Showing the predictions for the first 10 observations

        1         2         3         4         5         6         7         8 
0.4848067 0.5188941 0.6161912 0.6364755 0.6371220 0.6366698 0.6159500 0.5257991 
        9        10 
0.4898898 0.6329262 

Predicted probability for new observation


Recall the model that includes predictors age_cat, ai_heard, and survey_time.

  • What are the predicted odds for a 70-year-old respondent who has heard nothing about AI and took 60 minutes to complete the survey?
  • What is the predicted probability this respondent is not concerned about increased use of AI in daily life?
  • Would you classify this person as someone who is concerned or someone who is not?
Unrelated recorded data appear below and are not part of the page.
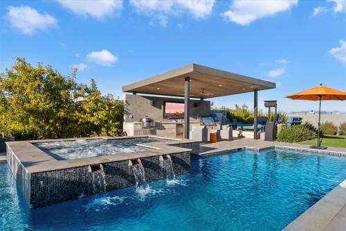 This North Scottsdale residence at Boulder Ranch embodies modern elegance and luxury with the serenity and peacefulness of the Sonoran Desert. A private courtyard welcomes you to an expansive interior with soaring ceilings, custom hardwood shelving. The floor-to-ceiling doors and windows invite in an abundance of natural light. The heart of the home is a chef's kitchen, equipped with waterfall-edge islands, quartz countertops, and high-end appliances, seamlessly blending into the living and dining areas. The primary suite is a private haven with dual walk-in closets, backyard access, and a spa-inspired bathroom featuring a soaking tub, rain shower, and luxury finishes. Additional guest suites and a versatile 1 Bedroom Casita provide ample accommodations for multi-generational living. Outdoor living is elevated with a pool, spa, outdoor kitchen, and heated patios with power shades, creating perfect In-Door, Outdoor Living. The property includes a climate-controlled five-car garage and a Control4 automation system, epitomizing convenience and sophistication. A Truly Breath Taking Residence!!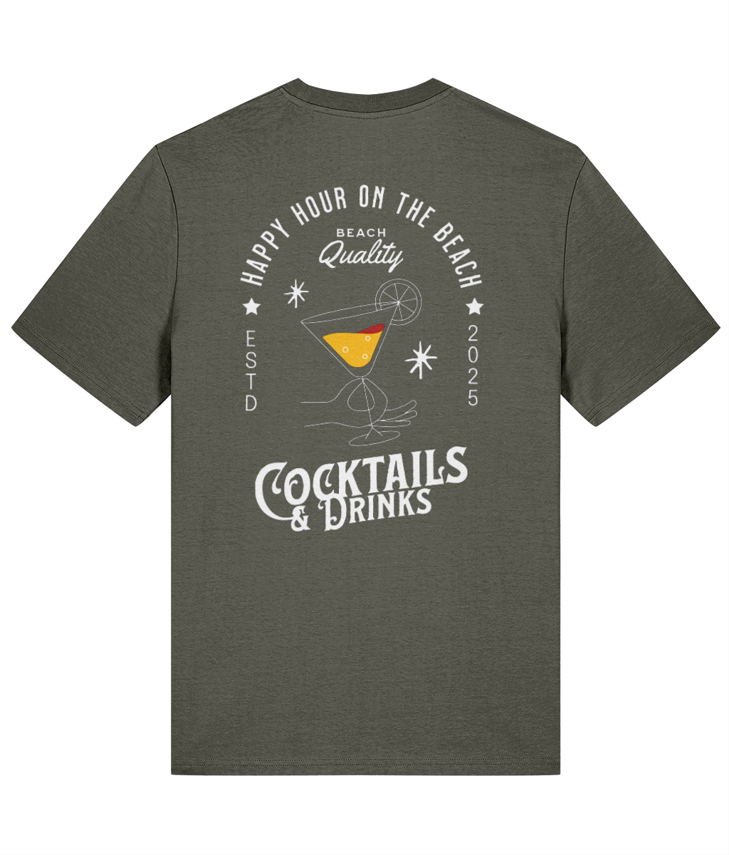 “Happy Hour on the beach-Cocktails & Drinks” Organic cotton T-Shirt l Khaki l Medium Fit, Mid Weight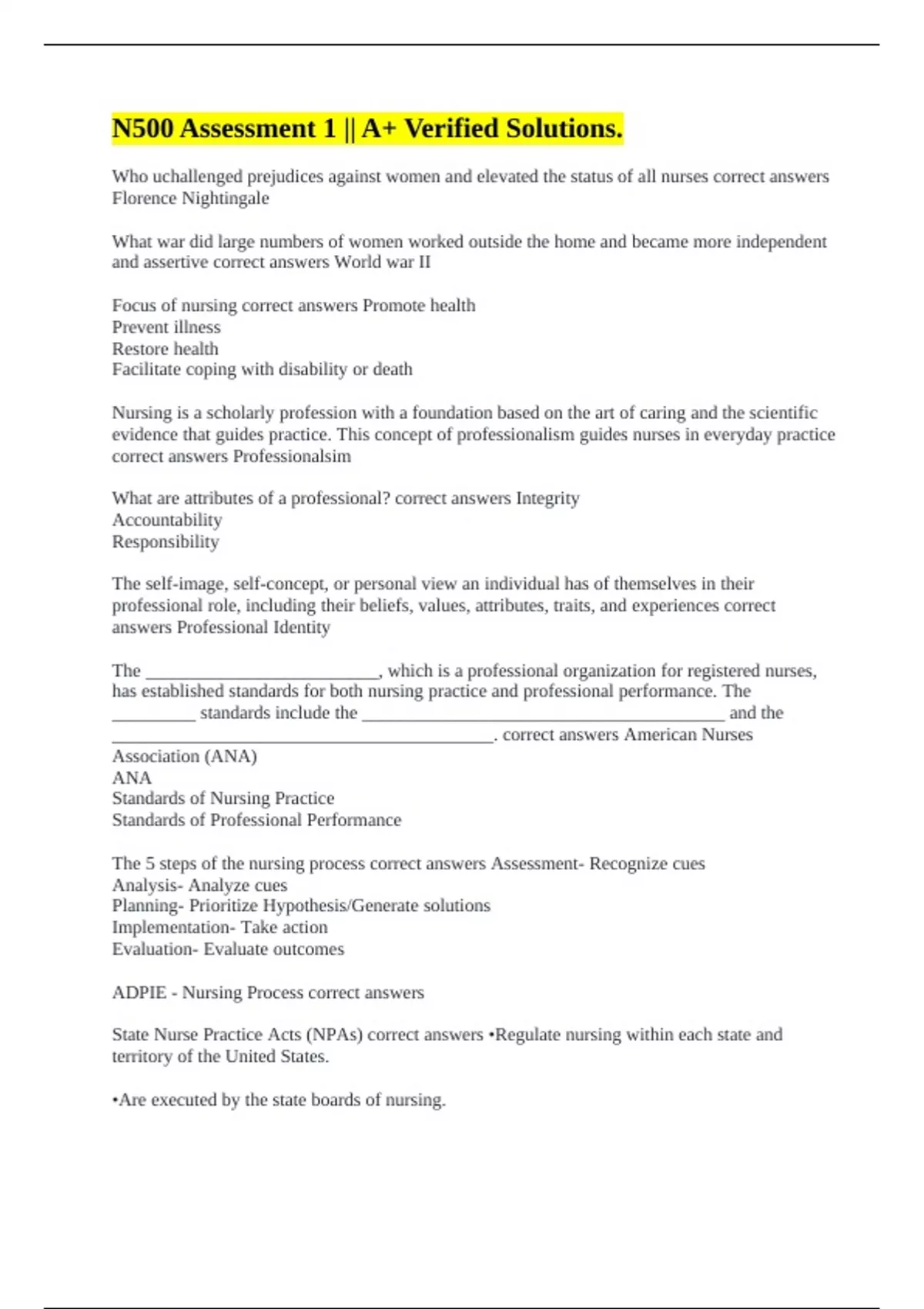 State Nurse Practice Acts (NPAs) correct answers •Regulate nursing within each state and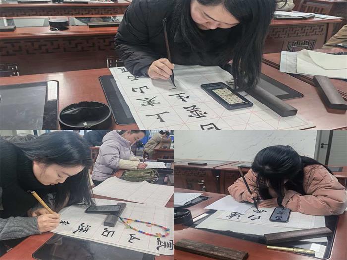 比赛分“三字”书写与“一话”展示两大环节,同步有序开展。钢笔字书写环节,老师们坐姿端正、运笔流畅,一笔一画工整规范,或清秀俊逸、或刚劲有力,方寸稿纸间尽显文字的端庄之美;毛笔字书写环节,大家悬腕运笔、起承转合,墨色浓淡相宜,字体或古朴厚重、或潇洒飘逸,将汉字的韵味与书法的魅力展现得淋漓尽致;粉笔字书写环节,老师们在黑板上从容落笔,横平竖直见功底,撇捺舒展显风采,一行行整洁美观的粉笔字,不仅展现了扎实的书写功底,更彰显了严谨认真的教学态度。普通话展示环节,参赛教师们随机抽取朗诵篇目从容登台。大家发音标准、语调抑扬顿挫,语速张弛有度,情感真挚动人,充分展现了新时代教师良好的语言素养与表达能力,赢得了评委与在场教师的阵阵掌声。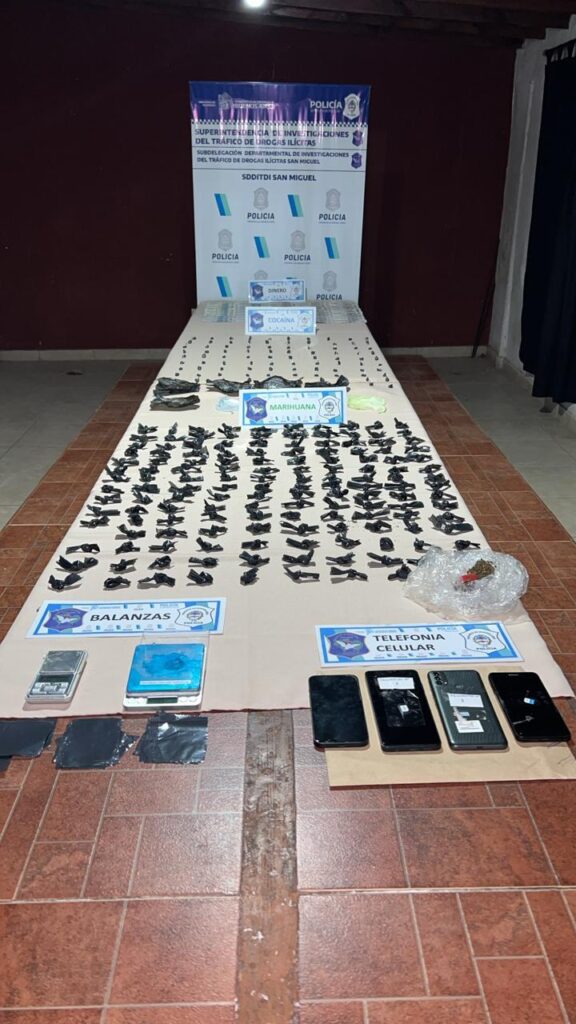 Durante los allanamientos, los efectivos secuestraron una cantidad significativa de clorhidrato de cocaína y marihuana, ya fraccionadas y listas para su comercialización. También se incautó dinero en efectivo, varios teléfonos celulares y dos balanzas utilizadas presuntamente para el pesaje de la droga.

Why?

Predicted probability for new observation

new_obs <- tibble(age_cat = "65+", ai_heard = "Nothing at all",  
                  survey_time = 60)

predict.glm(ai_concern_full_fit, newdata = new_obs, 
            type = "response")
        1 
0.4780527 

Recap

  • Use the odds ratio to compare the odds of two groups

  • Interpret the coefficients of a logistic regression model with

    • a single categorical predictor
    • a single quantitative predictor
    • multiple predictors

References

Ledolter, Johannes. 2003. “The Statistical Sleuth.” Taylor & Francis.